WARNING:absl:Function `_wrapped_model` contains input name(s) PhotoAmt, Fee, Age, Type, Color1, Color2, Gender, MaturitySize, FurLength, Vaccinated, Sterilized, Health, Breed1 with unsupported characters which will be renamed to photoamt, fee, age, type, color1, color2, gender, maturitysize, furlength, vaccinated, sterilized, health, breed1 in the SavedModel.
INFO:tensorflow:Assets written to: my_pet_classifier/assets
INFO:tensorflow:Assets written to: my_pet_classifier/assets

要获得对新样本的预测,只需调用 model.predict()。

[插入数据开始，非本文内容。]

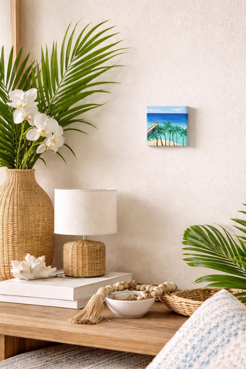 お部屋の棚やデスク、玄関、ベッドサイドなど、さりげない場所に南国の空気を運んでくれる一枚です。

您只需要做两件事:

  1. 将标量封装成列表,以便具有批次维度(模型只处理成批次的数据,而不是单个样本)
  2. 对每个特征调用 convert_to_tensor
sample = {
    'Type': 'Cat',
    'Age': 3,
    'Breed1': 'Tabby',
    'Gender': 'Male',
    'Color1': 'Black',
    'Color2': 'White',
    'MaturitySize': 'Small',
    'FurLength': 'Short',
    'Vaccinated': 'No',
    'Sterilized': 'No',
    'Health': 'Healthy',
    'Fee': 100,
    'PhotoAmt': 2,
}

input_dict = {name: tf.convert_to_tensor([value]) for name, value in sample.items()}
predictions = reloaded_model.predict(input_dict)
prob = tf.nn.sigmoid(predictions[0])

print(
    "This particular pet had a %.1f percent probability "
    "of getting adopted." % (100 * prob)
)
This particular pet had a 76.4 percent probability of getting adopted.

要点:对于更大、更复杂的数据集,您通常会看到深度学习的最佳结果。在处理像这样的小数据集时,我们建议使用决策树或随机森林作为强基线。本教程的目标是演示处理结构化数据的机制,以便您将来处理自己的数据集时有可以作为起点的代码。

后续步骤

进一步了解有关结构化数据分类的最佳方法是自己尝试。您可能希望找到另一个可使用的数据集,并使用与上述类似的代码训练模型对其进行分类。为了提高准确率,请仔细考虑要在模型中包含哪些特征,以及它们应该如何表示。